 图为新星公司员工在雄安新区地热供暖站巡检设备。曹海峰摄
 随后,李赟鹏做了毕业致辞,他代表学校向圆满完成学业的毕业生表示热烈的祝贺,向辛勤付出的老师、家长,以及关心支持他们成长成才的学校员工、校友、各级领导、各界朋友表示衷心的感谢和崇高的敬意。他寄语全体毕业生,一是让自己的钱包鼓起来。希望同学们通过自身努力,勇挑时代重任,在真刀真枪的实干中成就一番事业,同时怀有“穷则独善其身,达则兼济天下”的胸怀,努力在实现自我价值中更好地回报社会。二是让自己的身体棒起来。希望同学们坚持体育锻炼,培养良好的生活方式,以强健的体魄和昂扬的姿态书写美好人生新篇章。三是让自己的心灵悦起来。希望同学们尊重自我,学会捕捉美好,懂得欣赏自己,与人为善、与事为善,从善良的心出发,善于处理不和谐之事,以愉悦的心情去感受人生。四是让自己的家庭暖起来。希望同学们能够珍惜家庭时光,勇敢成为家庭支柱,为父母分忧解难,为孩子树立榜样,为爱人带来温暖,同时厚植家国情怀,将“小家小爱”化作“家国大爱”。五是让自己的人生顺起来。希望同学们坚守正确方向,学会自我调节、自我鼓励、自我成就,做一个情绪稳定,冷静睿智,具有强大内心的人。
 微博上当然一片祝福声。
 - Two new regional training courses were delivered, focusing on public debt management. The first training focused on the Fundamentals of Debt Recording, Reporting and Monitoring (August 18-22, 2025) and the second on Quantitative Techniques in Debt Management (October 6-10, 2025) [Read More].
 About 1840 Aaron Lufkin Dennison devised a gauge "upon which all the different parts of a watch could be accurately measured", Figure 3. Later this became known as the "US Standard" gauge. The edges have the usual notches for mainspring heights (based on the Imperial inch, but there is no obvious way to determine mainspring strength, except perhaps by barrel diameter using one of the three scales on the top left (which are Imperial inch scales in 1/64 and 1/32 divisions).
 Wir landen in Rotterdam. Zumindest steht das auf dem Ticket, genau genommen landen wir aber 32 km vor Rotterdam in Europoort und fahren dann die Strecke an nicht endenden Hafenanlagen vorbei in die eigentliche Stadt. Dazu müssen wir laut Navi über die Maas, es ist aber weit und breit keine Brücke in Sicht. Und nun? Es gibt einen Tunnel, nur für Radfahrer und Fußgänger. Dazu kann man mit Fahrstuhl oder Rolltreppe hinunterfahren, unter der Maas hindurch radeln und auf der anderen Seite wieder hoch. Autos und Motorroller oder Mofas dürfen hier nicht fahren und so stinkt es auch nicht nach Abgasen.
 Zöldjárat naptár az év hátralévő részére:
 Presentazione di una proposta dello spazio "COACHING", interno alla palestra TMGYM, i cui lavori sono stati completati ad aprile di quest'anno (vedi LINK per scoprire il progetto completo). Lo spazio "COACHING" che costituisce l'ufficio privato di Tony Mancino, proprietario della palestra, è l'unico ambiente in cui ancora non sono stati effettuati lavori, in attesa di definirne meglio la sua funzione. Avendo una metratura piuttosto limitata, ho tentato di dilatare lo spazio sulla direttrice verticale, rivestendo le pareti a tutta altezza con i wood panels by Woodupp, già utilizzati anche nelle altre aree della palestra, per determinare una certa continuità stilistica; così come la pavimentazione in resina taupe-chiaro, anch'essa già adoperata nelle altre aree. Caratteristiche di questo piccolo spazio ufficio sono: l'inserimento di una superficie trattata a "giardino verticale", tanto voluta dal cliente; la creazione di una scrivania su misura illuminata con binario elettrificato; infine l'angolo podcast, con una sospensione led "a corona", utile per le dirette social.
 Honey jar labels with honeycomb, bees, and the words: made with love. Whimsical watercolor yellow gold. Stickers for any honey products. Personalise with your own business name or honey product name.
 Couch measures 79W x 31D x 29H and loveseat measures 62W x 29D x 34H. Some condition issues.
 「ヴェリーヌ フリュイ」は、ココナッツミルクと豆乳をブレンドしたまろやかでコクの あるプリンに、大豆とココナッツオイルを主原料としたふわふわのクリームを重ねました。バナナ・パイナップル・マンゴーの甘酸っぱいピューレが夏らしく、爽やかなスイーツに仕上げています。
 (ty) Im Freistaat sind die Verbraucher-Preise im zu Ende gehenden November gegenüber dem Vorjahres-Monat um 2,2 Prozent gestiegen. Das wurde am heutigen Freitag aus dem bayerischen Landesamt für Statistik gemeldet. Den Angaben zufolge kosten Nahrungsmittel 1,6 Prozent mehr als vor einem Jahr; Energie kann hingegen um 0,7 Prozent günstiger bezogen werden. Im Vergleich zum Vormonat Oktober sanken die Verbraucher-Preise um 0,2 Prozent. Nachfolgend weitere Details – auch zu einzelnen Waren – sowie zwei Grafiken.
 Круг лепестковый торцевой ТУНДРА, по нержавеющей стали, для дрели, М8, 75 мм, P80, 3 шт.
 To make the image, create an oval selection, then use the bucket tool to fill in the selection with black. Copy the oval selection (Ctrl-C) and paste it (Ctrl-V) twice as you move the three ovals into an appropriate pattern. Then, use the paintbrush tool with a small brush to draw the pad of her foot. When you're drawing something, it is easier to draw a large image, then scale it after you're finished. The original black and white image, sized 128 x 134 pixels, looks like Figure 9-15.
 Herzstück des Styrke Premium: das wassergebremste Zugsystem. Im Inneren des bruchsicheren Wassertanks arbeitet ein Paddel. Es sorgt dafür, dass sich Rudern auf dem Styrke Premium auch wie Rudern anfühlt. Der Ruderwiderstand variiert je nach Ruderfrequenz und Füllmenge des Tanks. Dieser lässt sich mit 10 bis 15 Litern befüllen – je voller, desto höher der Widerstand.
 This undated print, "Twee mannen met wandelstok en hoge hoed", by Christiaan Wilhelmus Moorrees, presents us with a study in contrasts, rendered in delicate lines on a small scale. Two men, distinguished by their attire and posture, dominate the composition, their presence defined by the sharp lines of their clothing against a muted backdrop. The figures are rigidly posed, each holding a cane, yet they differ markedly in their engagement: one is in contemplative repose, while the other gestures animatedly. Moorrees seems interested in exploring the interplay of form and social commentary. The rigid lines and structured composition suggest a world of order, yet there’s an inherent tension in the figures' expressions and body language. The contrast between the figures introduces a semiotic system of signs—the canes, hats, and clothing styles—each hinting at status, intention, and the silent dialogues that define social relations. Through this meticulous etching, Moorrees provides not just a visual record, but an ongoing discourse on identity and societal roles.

● **Task directions**
Each record must be returned in full and exactly.

● **Task result**
 图为新星公司员工在雄安新区地热供暖站巡检设备。曹海峰摄
 随后,李赟鹏做了毕业致辞,他代表学校向圆满完成学业的毕业生表示热烈的祝贺,向辛勤付出的老师、家长,以及关心支持他们成长成才的学校员工、校友、各级领导、各界朋友表示衷心的感谢和崇高的敬意。他寄语全体毕业生,一是让自己的钱包鼓起来。希望同学们通过自身努力,勇挑时代重任,在真刀真枪的实干中成就一番事业,同时怀有“穷则独善其身,达则兼济天下”的胸怀,努力在实现自我价值中更好地回报社会。二是让自己的身体棒起来。希望同学们坚持体育锻炼,培养良好的生活方式,以强健的体魄和昂扬的姿态书写美好人生新篇章。三是让自己的心灵悦起来。希望同学们尊重自我,学会捕捉美好,懂得欣赏自己,与人为善、与事为善,从善良的心出发,善于处理不和谐之事,以愉悦的心情去感受人生。四是让自己的家庭暖起来。希望同学们能够珍惜家庭时光,勇敢成为家庭支柱,为父母分忧解难,为孩子树立榜样,为爱人带来温暖,同时厚植家国情怀,将“小家小爱”化作“家国大爱”。五是让自己的人生顺起来。希望同学们坚守正确方向,学会自我调节、自我鼓励、自我成就,做一个情绪稳定,冷静睿智,具有强大内心的人。
 微博上当然一片祝福声。
 - Two new regional training courses were delivered, focusing on public debt management. The first training focused on the Fundamentals of Debt Recording, Reporting and Monitoring (August 18-22, 2025) and the second on Quantitative Techniques in Debt Management (October 6-10, 2025) [Read More].
 About 1840 Aaron Lufkin Dennison devised a gauge "upon which all the different parts of a watch could be accurately measured", Figure 3. Later this became known as the "US Standard" gauge. The edges have the usual notches for mainspring heights (based on the Imperial inch, but there is no obvious way to determine mainspring strength, except perhaps by barrel diameter using one of the three scales on the top left (which are Imperial inch scales in 1/64 and 1/32 divisions).
 Wir landen in Rotterdam. Zumindest steht das auf dem Ticket, genau genommen landen wir aber 32 km vor Rotterdam in Europoort und fahren dann die Strecke an nicht endenden Hafenanlagen vorbei in die eigentliche Stadt. Dazu müssen wir laut Navi über die Maas, es ist aber weit und breit keine Brücke in Sicht. Und nun? Es gibt einen Tunnel, nur für Radfahrer und Fußgänger. Dazu kann man mit Fahrstuhl oder Rolltreppe hinunterfahren, unter der Maas hindurch radeln und auf der anderen Seite wieder hoch. Autos und Motorroller oder Mofas dürfen hier nicht fahren und so stinkt es auch nicht nach Abgasen.
 Zöldjárat naptár az év hátralévő részére:
 Presentazione di una proposta dello spazio "COACHING", interno alla palestra TMGYM, i cui lavori sono stati completati ad aprile di quest'anno (vedi LINK per scoprire il progetto completo). Lo spazio "COACHING" che costituisce l'ufficio privato di Tony Mancino, proprietario della palestra, è l'unico ambiente in cui ancora non sono stati effettuati lavori, in attesa di definirne meglio la sua funzione. Avendo una metratura piuttosto limitata, ho tentato di dilatare lo spazio sulla direttrice verticale, rivestendo le pareti a tutta altezza con i wood panels by Woodupp, già utilizzati anche nelle altre aree della palestra, per determinare una certa continuità stilistica; così come la pavimentazione in resina taupe-chiaro, anch'essa già adoperata nelle altre aree. Caratteristiche di questo piccolo spazio ufficio sono: l'inserimento di una superficie trattata a "giardino verticale", tanto voluta dal cliente; la creazione di una scrivania su misura illuminata con binario elettrificato; infine l'angolo podcast, con una sospensione led "a corona", utile per le dirette social.
 Honey jar labels with honeycomb, bees, and the words: made with love. Whimsical watercolor yellow gold. Stickers for any honey products. Personalise with your own business name or honey product name.
 Couch measures 79W x 31D x 29H and loveseat measures 62W x 29D x 34H. Some condition issues.
 「ヴェリーヌ フリュイ」は、ココナッツミルクと豆乳をブレンドしたまろやかでコクの あるプリンに、大豆とココナッツオイルを主原料としたふわふわのクリームを重ねました。バナナ・パイナップル・マンゴーの甘酸っぱいピューレが夏らしく、爽やかなスイーツに仕上げています。
 (ty) Im Freistaat sind die Verbraucher-Preise im zu Ende gehenden November gegenüber dem Vorjahres-Monat um 2,2 Prozent gestiegen. Das wurde am heutigen Freitag aus dem bayerischen Landesamt für Statistik gemeldet. Den Angaben zufolge kosten Nahrungsmittel 1,6 Prozent mehr als vor einem Jahr; Energie kann hingegen um 0,7 Prozent günstiger bezogen werden. Im Vergleich zum Vormonat Oktober sanken die Verbraucher-Preise um 0,2 Prozent. Nachfolgend weitere Details – auch zu einzelnen Waren – sowie zwei Grafiken.
 Круг лепестковый торцевой ТУНДРА, по нержавеющей стали, для дрели, М8, 75 мм, P80, 3 шт.
 To make the image, create an oval selection, then use the bucket tool to fill in the selection with black. Copy the oval selection (Ctrl-C) and paste it (Ctrl-V) twice as you move the three ovals into an appropriate pattern. Then, use the paintbrush tool with a small brush to draw the pad of her foot. When you're drawing something, it is easier to draw a large image, then scale it after you're finished. The original black and white image, sized 128 x 134 pixels, looks like Figure 9-15.
 Herzstück des Styrke Premium: das wassergebremste Zugsystem. Im Inneren des bruchsicheren Wassertanks arbeitet ein Paddel. Es sorgt dafür, dass sich Rudern auf dem Styrke Premium auch wie Rudern anfühlt. Der Ruderwiderstand variiert je nach Ruderfrequenz und Füllmenge des Tanks. Dieser lässt sich mit 10 bis 15 Litern befüllen – je voller, desto höher der Widerstand.
 This undated print, "Twee mannen met wandelstok en hoge hoed", by Christiaan Wilhelmus Moorrees, presents us with a study in contrasts, rendered in delicate lines on a small scale. Two men, distinguished by their attire and posture, dominate the composition, their presence defined by the sharp lines of their clothing against a muted backdrop. The figures are rigidly posed, each holding a cane, yet they differ markedly in their engagement: one is in contemplative repose, while the other gestures animatedly. Moorrees seems interested in exploring the interplay of form and social commentary. The rigid lines and structured composition suggest a world of order, yet there’s an inherent tension in the figures' expressions and body language. The contrast between the figures introduces a semiotic system of signs—the canes, hats, and clothing styles—each hinting at status, intention, and the silent dialogues that define social relations. Through this meticulous etching, Moorrees provides not just a visual record, but an ongoing discourse on identity and societal roles.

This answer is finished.